§ WORK TO COMPLETE:
Set down every entry again word for word, please, but skip the pictures.

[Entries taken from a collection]

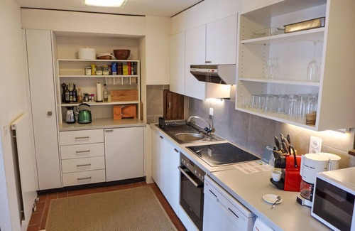 "Sans Nom", 5-room semi-detached house 120 m2 on 3 levels, south facing position. Object suitable for 4 adults + 2 children. Partly renovated in 2024, comfortable and beautiful furnishings: small living/dining room with open-hearth fireplace, cable TV, radio and CD-player. Exit to the terrace. Open kitchen (oven, dishwasher, 4 ceramic glass hob hotplates, toaster, kettle, microwave, freezer, electric coffee machine, Capsules for coffee machine (Nespresso) extra, raclette grill, fondue Set (chinoise, cheese)). Upper floor: 1 large room with 1 double bed (2 x 90 cm, length 200 cm). Exit to the balcony. 1 room with 1 bed (90 cm, length 190 cm). Bath/WC, sep. WC. 2nd upper floor: 1 room with sloping ceilings with 2 beds (90 cm, length 200 cm). 1 children's room with sloping ceilings with 1 bed (90 cm, length 190 cm). Shower/WC. Balcony 15 m2, south facing position and, east facing position, terrace 20 m2, south facing position. Terrace furniture, balcony furniture, barbecue (portable), deck chairs (1). Beautiful view of the mountains, the valley and the forest. Facilities: washing machine, iron, children's high chair, baby cot for up to 2 year olds, hair dryer. Internet (WiFi, free). Garage (1 car), height 195 cm, width 220 cm. Please note: non-smoking house. 1 small pet/ dog allowed.
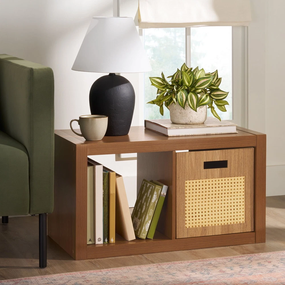 Add function and style to your home with the Better Homes & Gardens 2-Cube Storage Organizer. Available in multiple finishes, including both solid and wood grain options, this cube organizer features two 13" x 15" x 13" compartments, the perfect size to display books, collectibles, photos, artwork, storage bins and baskets. An open back design makes it easy to manage cords and cables. This sturdy bookcase can stand vertically or horizontally to best suit your needs and space. The top panel supports up to 148 lbs when vertical and 44 lbs when horizontal. Combine it with other Better Homes & Gardens Cube Organizers and Cube Storage Bins (sold separately) to create a complete, customized storage and display system. Easy to assemble, the Better Homes & Gardens 2-Cube Storage Organizer is perfect for your office, living room, den, playroom and more. Features two 13" x 15" x 13" compartments Modern, open back design for easy cord management Compatible with Better Homes & Gardens Cube Storage Bins (sold separately) Versatile design allows for vertical or horizontal placement Top panel can support up to 148 lbs when vertical or 44 lbs when horizontal; each cube supports up to 22 lbs Can be combined with other Better Homes & Gardens Cube Storage Organizers (sold separately) Materials: MDF, particle board Easy to assemble with included instructions (no additional tools required) Package size: 37.01" x 6.38" x 18.11" (25.21 lbs) On Feb 4, 2025 at 00:24:16 PST, seller added the following information:
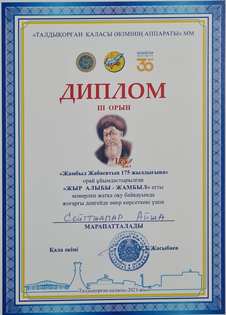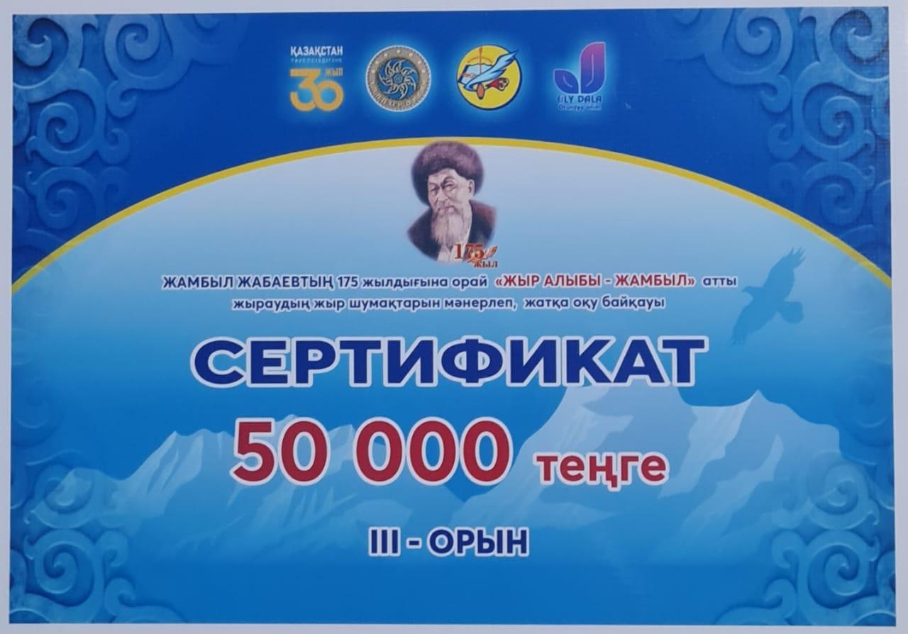 2021 жылғы 15 наурыз күні Талдықорған қаласы әкімдігінің қолдауымен Талдықорған қаласының мәдениет және тілдерді дамыту бөлімінің ұйымдастыруымен «Ұлы дала» отандық компаниясының демеушілігімен Жамбыл Жабаевтың 175 жылдығына орай «Жыр алыбы-Жамбыл» атты жыраудың жыр шумақтарын мәнерлеп, жатқа оқу байқауы өтті.
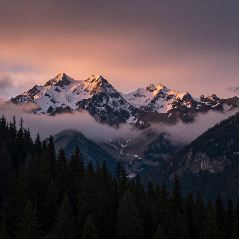 Dramatic peaks stand majestically against a twilight sky, their snow-capped summits bathed in warm hues as clouds drift low among dense evergreen forests below.
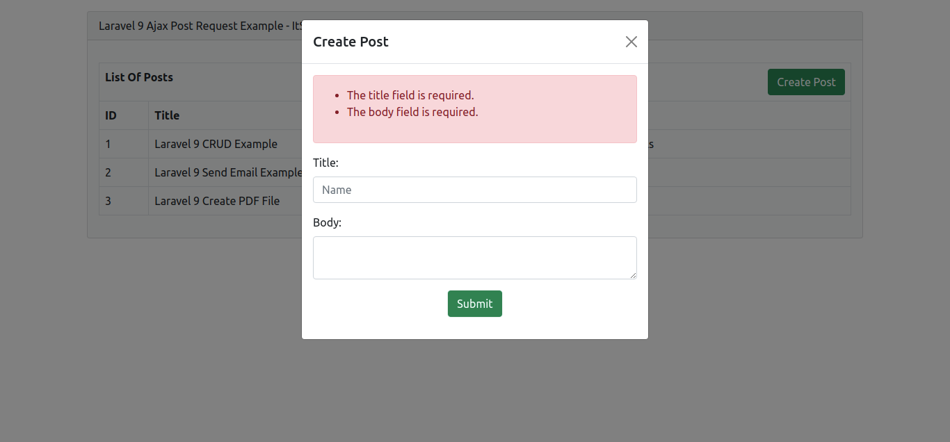In this example, we will create a "posts" table with a title and body column. we will list all posts data and add create button there. when you click on create button we will open the model where you can create a new post using a jquery ajax request. so basically you can fire an ajax post request with a bootstrap model.
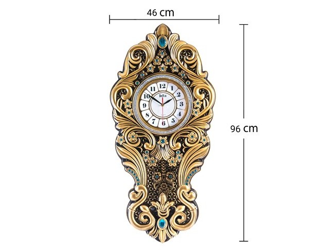 ساعت دیواری دلتا هامون دارای ابعاد 96*46 سانتی متر،طرح چوب، جنس پلاستیک فشرده، پاندول دار، موتور وانگرد بی صدا و دارای عقربه های فلزی است.
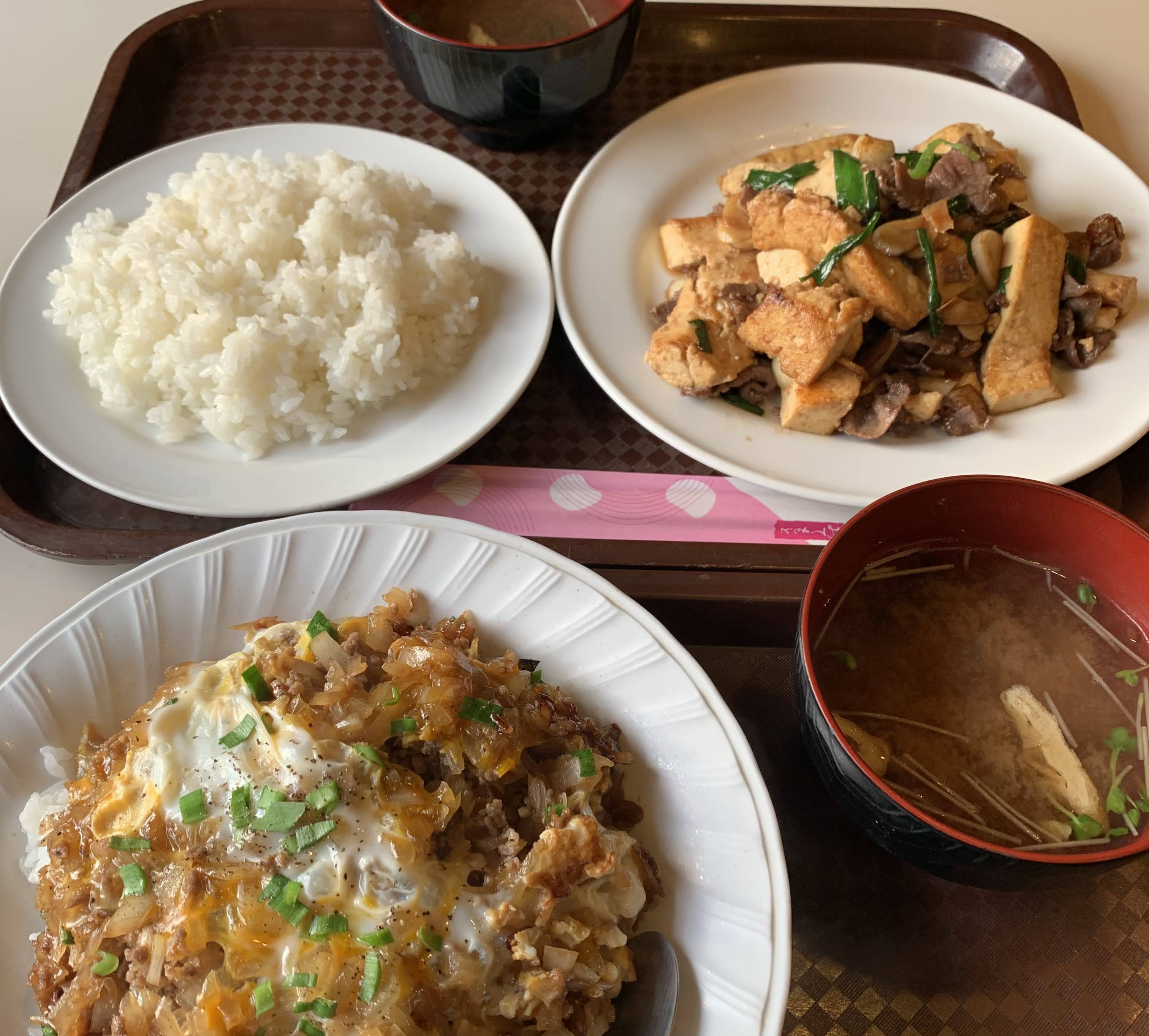上/牛肉と豆腐のニンニク炒め¥750 下/ちゃんぽん¥650(ひき肉と玉ねぎのカツどん風、味付け)

§ EXERCISE ANSWER:
 "Sans Nom", 5-room semi-detached house 120 m2 on 3 levels, south facing position. Object suitable for 4 adults + 2 children. Partly renovated in 2024, comfortable and beautiful furnishings: small living/dining room with open-hearth fireplace, cable TV, radio and CD-player. Exit to the terrace. Open kitchen (oven, dishwasher, 4 ceramic glass hob hotplates, toaster, kettle, microwave, freezer, electric coffee machine, Capsules for coffee machine (Nespresso) extra, raclette grill, fondue Set (chinoise, cheese)). Upper floor: 1 large room with 1 double bed (2 x 90 cm, length 200 cm). Exit to the balcony. 1 room with 1 bed (90 cm, length 190 cm). Bath/WC, sep. WC. 2nd upper floor: 1 room with sloping ceilings with 2 beds (90 cm, length 200 cm). 1 children's room with sloping ceilings with 1 bed (90 cm, length 190 cm). Shower/WC. Balcony 15 m2, south facing position and, east facing position, terrace 20 m2, south facing position. Terrace furniture, balcony furniture, barbecue (portable), deck chairs (1). Beautiful view of the mountains, the valley and the forest. Facilities: washing machine, iron, children's high chair, baby cot for up to 2 year olds, hair dryer. Internet (WiFi, free). Garage (1 car), height 195 cm, width 220 cm. Please note: non-smoking house. 1 small pet/ dog allowed.
 Add function and style to your home with the Better Homes & Gardens 2-Cube Storage Organizer. Available in multiple finishes, including both solid and wood grain options, this cube organizer features two 13" x 15" x 13" compartments, the perfect size to display books, collectibles, photos, artwork, storage bins and baskets. An open back design makes it easy to manage cords and cables. This sturdy bookcase can stand vertically or horizontally to best suit your needs and space. The top panel supports up to 148 lbs when vertical and 44 lbs when horizontal. Combine it with other Better Homes & Gardens Cube Organizers and Cube Storage Bins (sold separately) to create a complete, customized storage and display system. Easy to assemble, the Better Homes & Gardens 2-Cube Storage Organizer is perfect for your office, living room, den, playroom and more. Features two 13" x 15" x 13" compartments Modern, open back design for easy cord management Compatible with Better Homes & Gardens Cube Storage Bins (sold separately) Versatile design allows for vertical or horizontal placement Top panel can support up to 148 lbs when vertical or 44 lbs when horizontal; each cube supports up to 22 lbs Can be combined with other Better Homes & Gardens Cube Storage Organizers (sold separately) Materials: MDF, particle board Easy to assemble with included instructions (no additional tools required) Package size: 37.01" x 6.38" x 18.11" (25.21 lbs) On Feb 4, 2025 at 00:24:16 PST, seller added the following information:
 2021 жылғы 15 наурыз күні Талдықорған қаласы әкімдігінің қолдауымен Талдықорған қаласының мәдениет және тілдерді дамыту бөлімінің ұйымдастыруымен «Ұлы дала» отандық компаниясының демеушілігімен Жамбыл Жабаевтың 175 жылдығына орай «Жыр алыбы-Жамбыл» атты жыраудың жыр шумақтарын мәнерлеп, жатқа оқу байқауы өтті.
 Dramatic peaks stand majestically against a twilight sky, their snow-capped summits bathed in warm hues as clouds drift low among dense evergreen forests below.
In this example, we will create a "posts" table with a title and body column. we will list all posts data and add create button there. when you click on create button we will open the model where you can create a new post using a jquery ajax request. so basically you can fire an ajax post request with a bootstrap model.
 ساعت دیواری دلتا هامون دارای ابعاد 96*46 سانتی متر،طرح چوب، جنس پلاستیک فشرده، پاندول دار، موتور وانگرد بی صدا و دارای عقربه های فلزی است.
上/牛肉と豆腐のニンニク炒め¥750 下/ちゃんぽん¥650(ひき肉と玉ねぎのカツどん風、味付け)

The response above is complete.